Section B — Short Answer (Q11–Q20)
🔒 ❓ Q11. Find the diagonal of a square of side 7 cm.
📌 ✅ Answer:
🔹 Diagonal² = 7² + 7²
🔹 Diagonal² = 49 + 49
🔹 Diagonal² = 98
🔹 Diagonal = √98 = √(49×2) = 7√2 cm
🔒 ❓ Q12. A right triangle has legs 9 cm and 40 cm. Find the hypotenuse.
📌 ✅ Answer:
🔹 c² = 9² + 40²
🔹 c² = 81 + 1600
🔹 c² = 1681
🔹 c = √1681 = 41 cm
🔒 ❓ Q13. A right triangle has hypotenuse 26 cm and one leg 10 cm. Find the other leg.
📌 ✅ Answer:
🔹 Other leg² = 26² − 10²
🔹 Other leg² = 676 − 100
🔹 Other leg² = 576
🔹 Other leg = √576 = 24 cm
🔒 ❓ Q14. Find the area of a right triangle with legs 12 cm and 16 cm.
📌 ✅ Answer:
🔹 Area = (1/2) × 12 × 16
🔹 Area = (1/2) × 192
🔹 Area = 96 cm²
🔒 ❓ Q15. A triangle has sides 8, 15, 17. Prove it is right-angled.
📌 ✅ Answer:
🔹 8² + 15² = 64 + 225 = 289
🔹 17² = 289
🔹 Since 8² + 15² = 17², it is a right triangle.
🔒 ❓ Q16. Find the side of a rhombus whose diagonals are 24 cm and 10 cm.
📌 ✅ Answer:
🔹 In a rhombus, diagonals bisect at right angle.
🔹 Half diagonals = 24/2 = 12, and 10/2 = 5
🔹 Side² = 12² + 5²
🔹 Side² = 144 + 25
🔹 Side² = 169
🔹 Side = √169 = 13 cm
🔒 ❓ Q17. A ladder is 13 m long and its foot is 5 m from the wall.
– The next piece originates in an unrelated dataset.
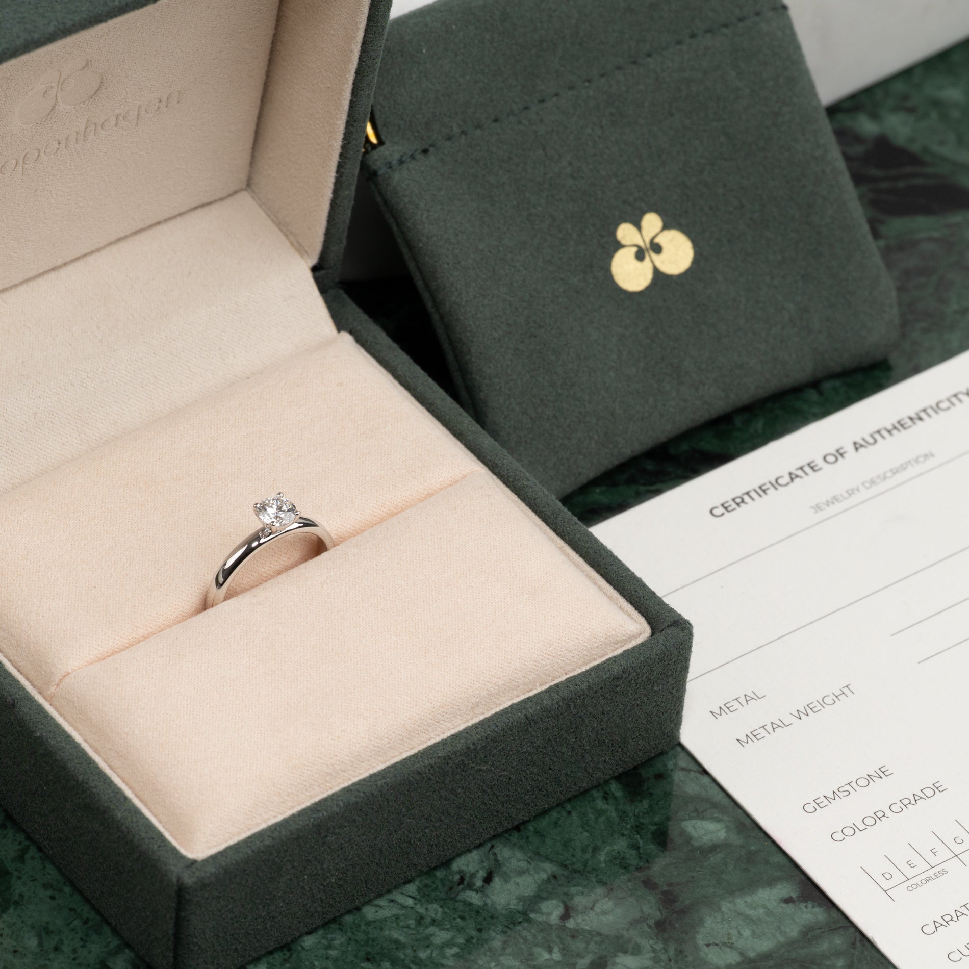 Ringen kommer i vår eksklusive Diamond Collection boks med en flott smykkeeske, diamantsertifikat og pouch. Boksen er også perfekt om smykket skal gis i gave.
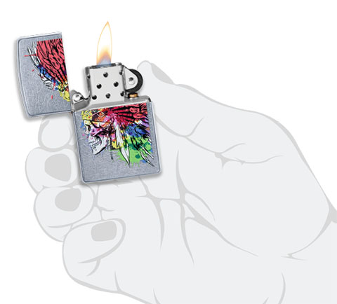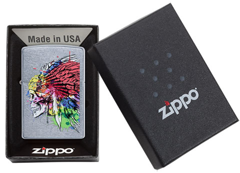 此款使用經典花紗表面並經由色彩成像技術,白色骷髏配戴著頭飾並設計顏料渲染的方式讓整體更具潮流風格。 品名:彩色頭飾骷髏 型號:49111 材質:黃銅 規格:火機高度:57mm(±5%) 火機寬度:38mm(±5%) 火機厚度:13mm(±5%) 火機重量:81.65g(±5%) 產地:美國 ‧正品Zippo防風打火機,皆帶有獨特的Zippo“click”聲音 ‧防風設計幾乎適用於任何地方,材質堅固耐摔且保證能連續使用73000次以上 ‧美國製造,享有終身保修服務;為獲得最佳性能,建議使用Zippo原廠專用油、打火石及棉蕊 ‧Zippo打火機新品皆未含燃油,須另購原廠專用油

How high does it reach?
📌 ✅ Answer:
🔹 Height² = 13² − 5²
🔹 Height² = 169 − 25
🔹 Height² = 144
🔹 Height = √144 = 12 m
🔒 ❓ Q18. A rectangular field is 48 m long and 14 m wide. Find its diagonal.
📌 ✅ Answer:
🔹 Diagonal² = 48² + 14²
🔹 Diagonal² = 2304 + 196
🔹 Diagonal² = 2500
🔹 Diagonal = √2500 = 50 m
🔒 ❓ Q19. True/False with reason: “Every Baudhāyana triple is primitive.”
📌 ✅ Answer:
🔹 False.
🔹 Example: (6, 8, 10) is a triple but not primitive.
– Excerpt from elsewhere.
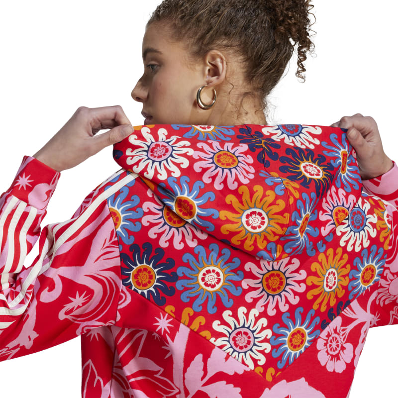 Ce n'est jamais une mauvaise idée d'avoir sous la main un sweat-shirt ample à porter par-dessus votre kit d'entraînement. Celui-ci d'adidas affiche un design saisissant qui lui donne un style retentissant. Sa coupe ample et ses épaules tombantes vous permettent de le porter confortablement par-dessus d'autres vêtements, tandis que la taille à cordon de serrage affine votre silhouette tout en vous protégeant du froid. Il a été créé en collaboration avec FARM Rio, une entreprise brésilienne qui transmet de bonnes vibrations avec ses imprimés colorés.

🔹 Because gcd(6, 8, 10) = 2 > 1.
🔒 ❓ Q20. Give 3 Baudhāyana triples different from (3, 4, 5).
📌 ✅ Answer:
🔹 (5, 12, 13) because 5² + 12² = 13²
🔹 (8, 15, 17) because 8² + 15² = 17²
🔹 (7, 24, 25) because 7² + 24² = 25²
Section C — Detailed / Reasoning (Q21–Q30)
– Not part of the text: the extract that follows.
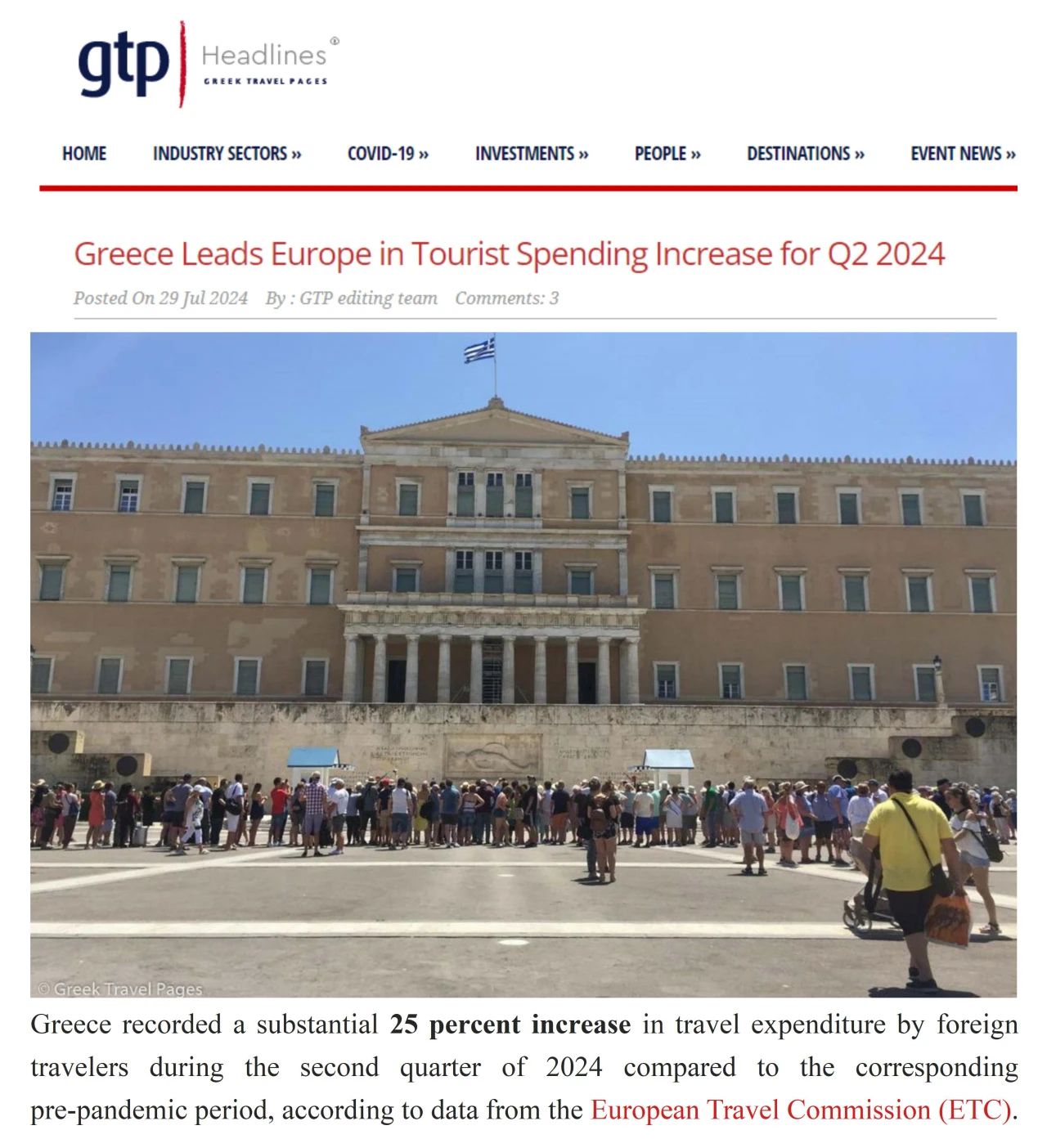 希腊如今是全球游客最喜爱的目的地之一。近日,根据欧洲旅游委员会(ETC)的最新调查报告,2024年上半年希腊在入境游客支出增长方面领跑欧洲,增幅高达25%。地中海地区因其阳光沙滩而备受游客喜爱,希腊尤其突出。

🔒 ❓ Q21. Find the missing side in a right triangle where the hypotenuse is 29 cm and one leg is 20 cm.
📌 ✅ Answer:
🔹 Let the missing leg be x cm.
🔹 By Baudhāyana–Pythagoras theorem: x² + 20² = 29²
🔹 x² + 400 = 841
🔹 x² = 841 − 400
🔹 x² = 441
🔹 x = √441
🔹 x = 21 cm
🔹 Final: The missing side is 21 cm.
🔒 ❓ Q22. A triangle has sides 11 cm, 60 cm, and 61 cm. Decide whether it is right-angled, and identify the hypotenuse.
📌 ✅ Answer:
🔹 Largest side is 61 cm, so if right-angled, hypotenuse must be 61.
🔹 Check: 11² + 60²
🔹 11² = 121
🔹 60² = 3600
🔹 11² + 60² = 121 + 3600 = 3721
🔹 61² = 3721
🔹 Since 11² + 60² = 61², the triangle is right-angled.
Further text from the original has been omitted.